Saturday, September 24, 2011

Strange Way to Make a Living...

Writing is a strange way to make a living, and I had sold many books by the time I was forty but was not making enough money to live on.  I worked construction, ran heavy equipment, tracked satellites, taught - did many things to support life - and by the time I was forty I was working very hard and had become almost completely broke, living with my wife and son in a small cabin in northern Minnesota with no plumbing, no electricity, and no real prospects.      
                                                                            - Gary Paulsen, Woodsong

I read that quotation aloud to my sixth grade students the other day, when one of them asked me if I would quit teaching once I got rich and famous as a writer, and I laughed.  They were astounded that Gary Paulsen - himself probably one of the most famous writers they know at their young age - would write such a thing.  They seemed equally perplexed that a teacher who is a published writer had such a pessimistic view of her chances of becoming wealthy doing what she loves.  Many of my students come from families who pull, if not six figure incomes, at least in the high fives.  They cannot conceive - though this is partially an aspect of simply being twelve - of not actually achieving one's dream career, however lofty it is.  They've been raised to believe that as long as they dream it, they can do it.
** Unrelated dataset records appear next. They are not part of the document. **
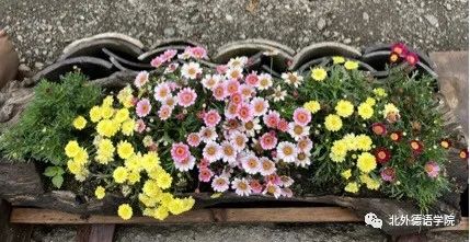 洛克故居门前用东巴文书写的对联“新年新月新气象 千花万花已出来(根据纳西族阿妈介绍音译)”让党员教师感受到了象形文字的魅力。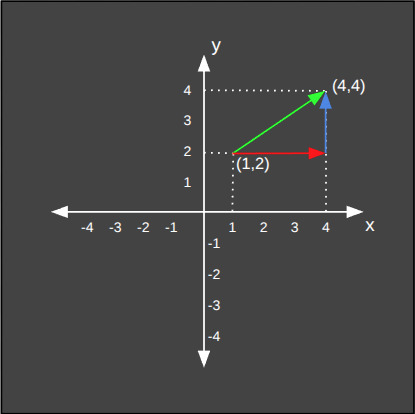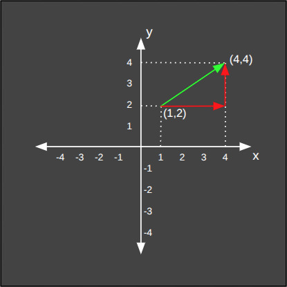 Aşağıda iki boyutlu düzlemdeki bir vektörün öklid mesafesinin hesaplanışını görüyoruz.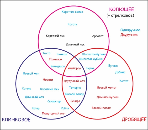 Оружие теперь делится не только по типам, но и по классам: клинковое, дробящее, колющее (включая метательное). Большинство перков затрагивают именно классы оружия, а не типы. Некоторое оружие может принадлежать к нескольким классам сразу, см. диаграмму ниже.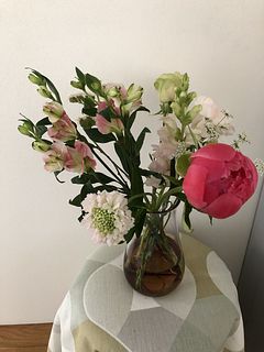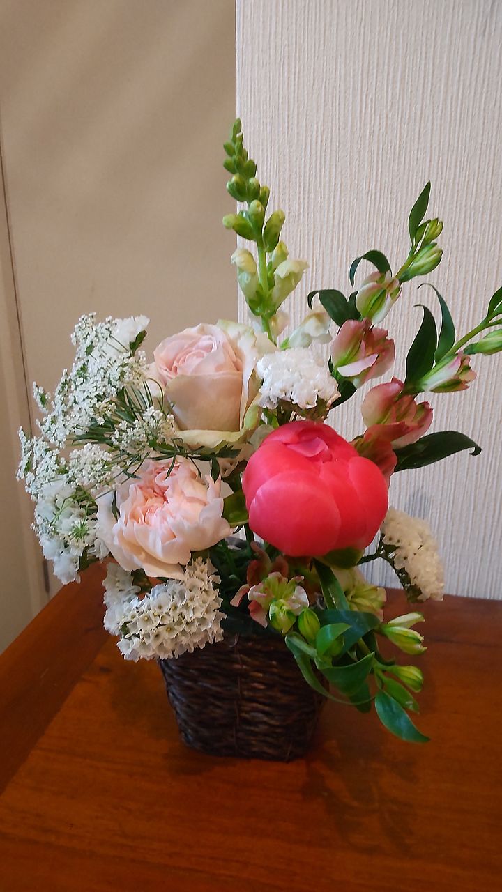 芍薬好きな義母宅へ、お花の処理を済ませて活けに行きました。 日中に開いていた芍薬のが夜になると閉じて、また朝になると開く様子が可愛いと、喜んでおりました。 芍薬の他にも添えになる色々なお花が入っているのも、良かったです。 いつもありがとうございます!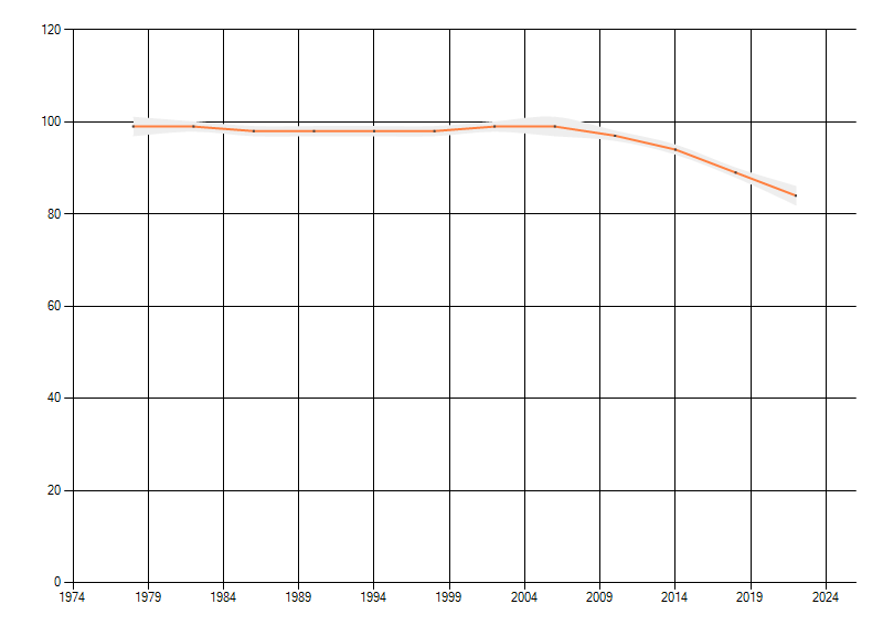 Gemiddelde trend van het aantal kilometerhokken waarin de soort voorkomt, weergegeven als indexcijfer (1975-1978 = 100).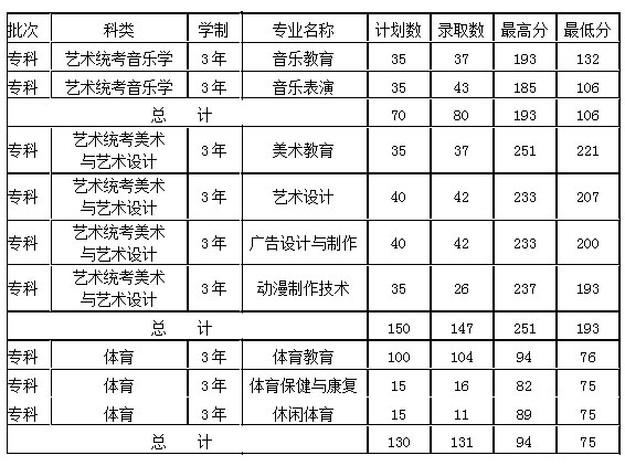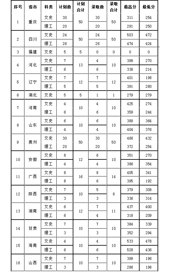 | 批次 | 學(xué)制 | 專業(yè)名稱 | 計劃數(shù) | 錄取數(shù) | 最高分 | 最低分 |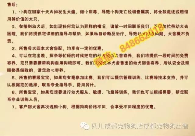 1、狗狗售出《半年》以内有任何问题可换同等品质狗狗(每只狗狗的售后服务都可签协议书保证,有法律效果)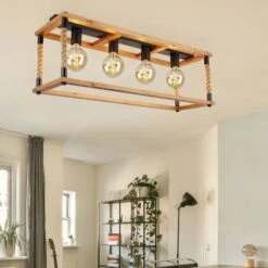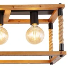 Deckenleuchte, Holz, Hanfseil, Naturfarben, Schwarz, L 80 Cm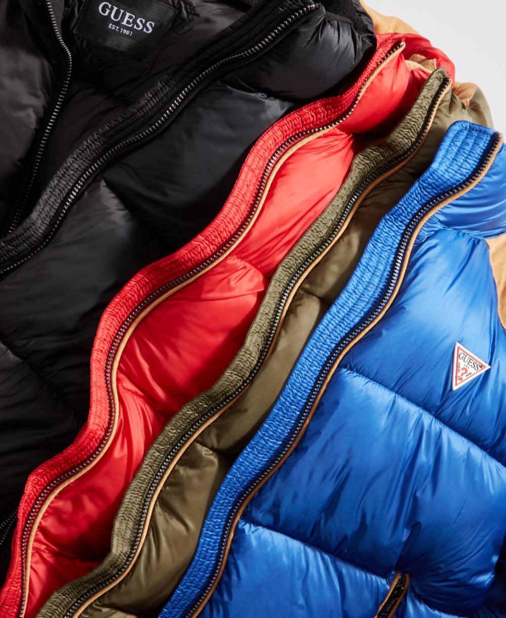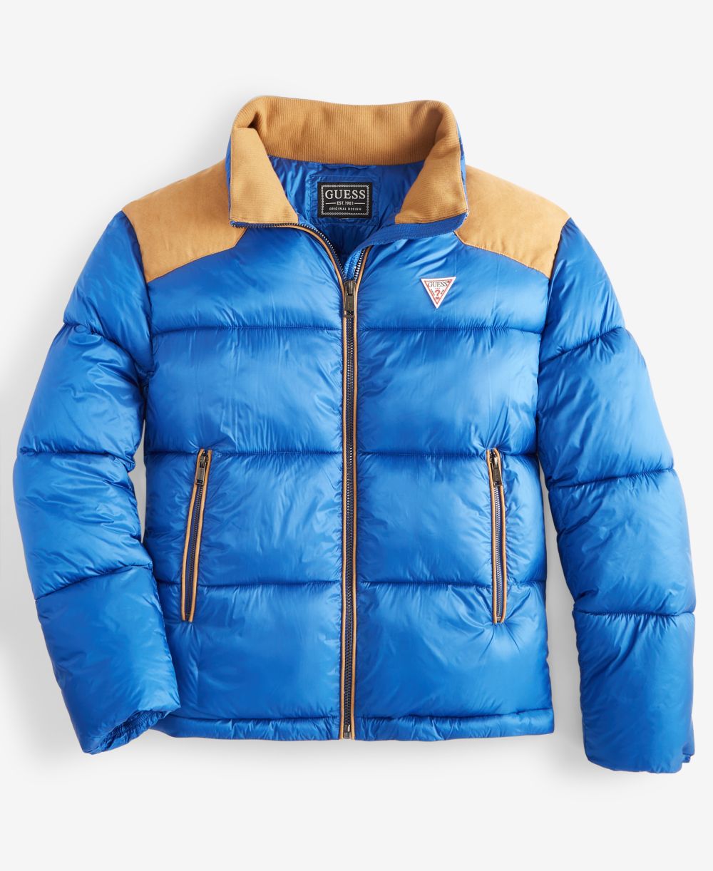 GUESS Mens Larry Fabric Block Puffer Jacket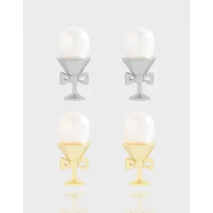 The unique design showcases a smooth, polished metal ‘martini glass’ silhouette, complete with a charming decorative bow adorning its stem. The refined finish of the metal setting creates a beautiful contrast with the natural luster and gentle texture of the pearl.
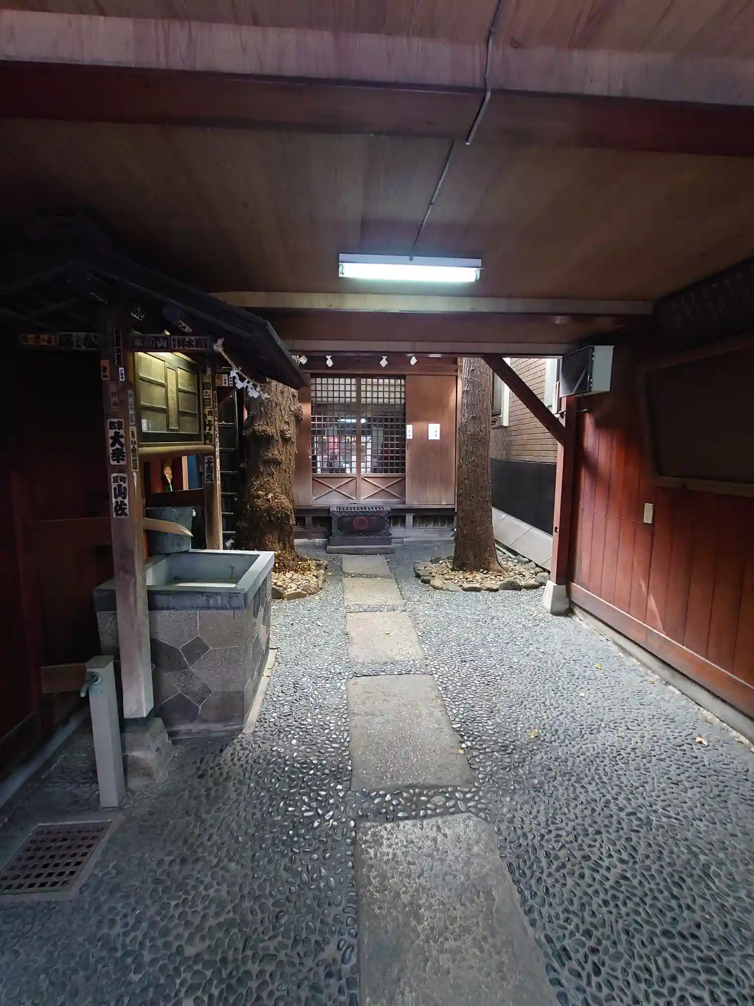 夜は鳥居の後ろでシャッターが閉まっていたのですが、朝見るとちゃんと境内がありました。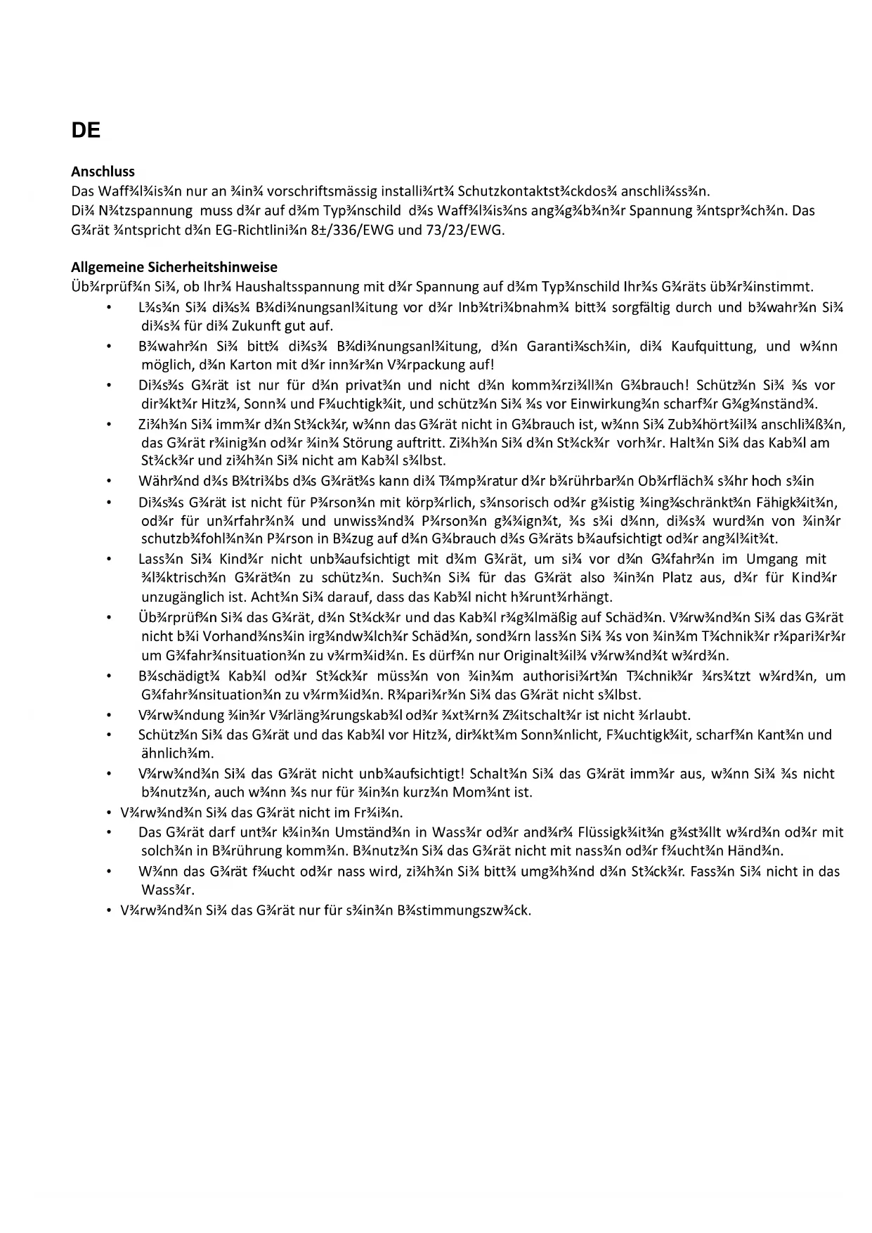 - Lass ^3/4 n Si ^3/4 Kind ^3/4 r nicht unb ^3/4 aufsichtigt mit d ^3/4 m G ^3/4 rät, um si ^3/4 vor d ^3/4 n G ^3/4 fahr ^3/4 n im Umgang mit ^3/4 l ^3/4 ktrisch ^3/4 n G ^3/4 rät ^3/4 n zu schütz ^3/4 n. Such ^3/4 n Si ^3/4 für das G ^3/4 rät also ^3/4 in ^3/4 n Platz aus, d ^3/4 r für Kind ^3/4 r unzugänglich ist. Acht ^3/4 n Si ^3/4 darauf, dass das Kab ^3/4 l nicht h ^3/4 runt ^3/4 rhängt.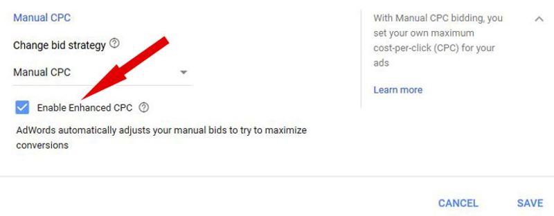 Many marketers might not consider enhanced CPC to be a smart bidding strategy, as it is merely a setting applied to manual bidding. However, Google does consider this a form of smart bidding. When we initiate new accounts and campaigns with manual bidding, we normally enable ECPC.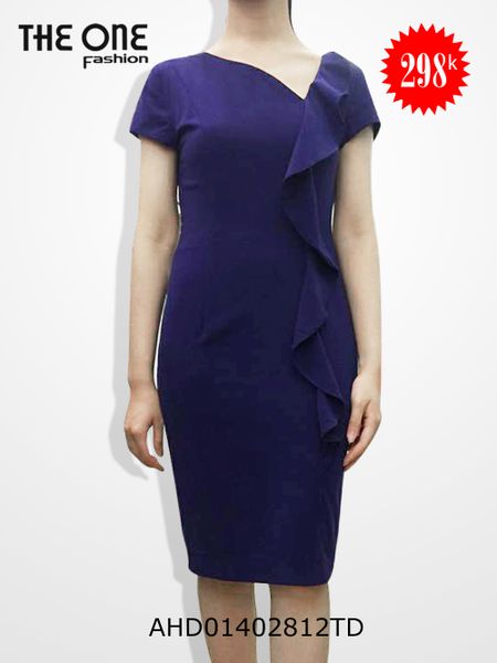 Đầm 2 lớp tay cộc vải tím đậm cổ tim bèo cổ dọc thân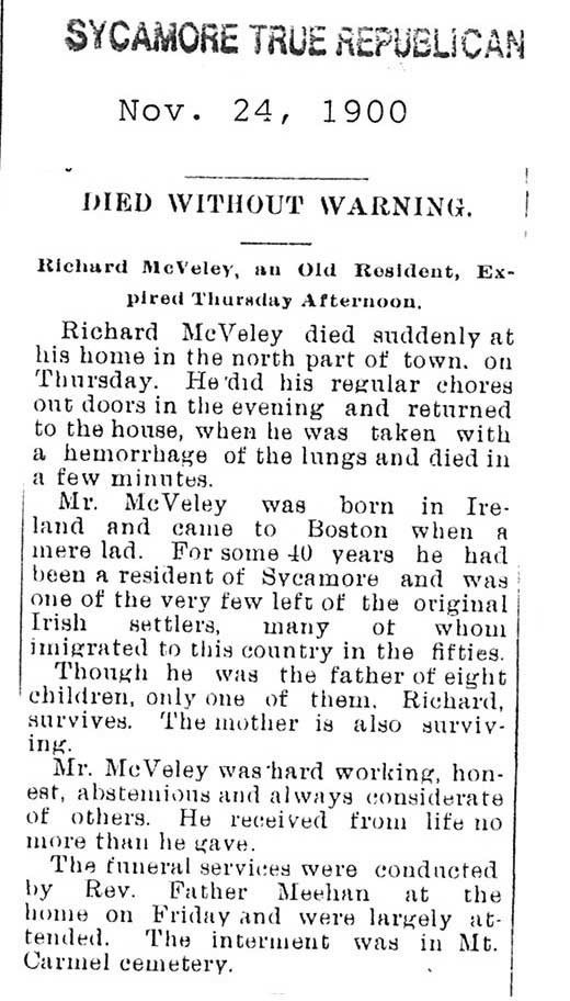 No date of birth Buried in Calvary Cemetery

I wish I still held that lie as convicted truth.

I am a writer who teaches.  I love being with my students, but as each successive year wears on, I hate with greater passion what teaching has become.  I don't like to talk about it.  I don't have the statistics readily available in my head, can't counter the arguments of the other side, don't really have a better solution.  But where I once felt that teaching was my Calling, one that could live happily beside my heart's dream of writing, I now see it as the lesser of evils.  I can teach, or I can work at Wal Mart or some dead-spirit business office job, or I can force my family to do without health insurance and the income my teaching provides.  I can't support my family on my writing.  Not yet.  Maybe not ever.

Writing IS a strange way to make a living.  You either carve time out for it, or you feel yourself begin to wither a bit inside.  You know that you MUST do other things, as Gary Paulsen writes, "to support life" - but you know, unless you're a rare creature indeed, that these "other things" are not what you REALLY want to do, and every moment you're attending to the needs of what brings in the money is one less minute that you're writing.

Then, too, is the issue that writing is not something that one can schedule.  If you're in a creative mood and in the middle of something else, you either drop that "something else" and scribble like mad for a bit - or you lose that spark, which will never again burn as brightly or as clearly as when the Idea first struck you.  I've taken to spending a good chunk of my teaching "downtime" - meaning, my lunch - writing.  I no longer visit with my peers, and sometimes, when they come visit me, I find myself vaguely irritated - something I instantly quash, as having peers who care and want to spend time with me is as necessary as writing is to keeping my sanity.  But I need that time to write, because otherwise, I'm wandering through the day half a person, my creative spark snuffed.

I hate that I can't make a living by writing.  I dream, even now, of being "discovered" - some editor of a publishing house, some agent, maybe just some writer at a comics publisher, will see a fragment of my work and will Know.  It's replaced my dream of being carried off by a white knight or a black-clad ninja, romantically whisked away from the mundane and onorous into a world of magic and Happily Ever Afters.  But it's not going to happen... not without a ton of work on my part.  Luckily for me, it's work I'm happy to do.

And while I work at being a writer... I really am grateful that I have paying work to support myself and my family.  I may hate teaching as a profession most days... but I truly enjoy being a teacher.  A teacher who writes... and a writer who teaches.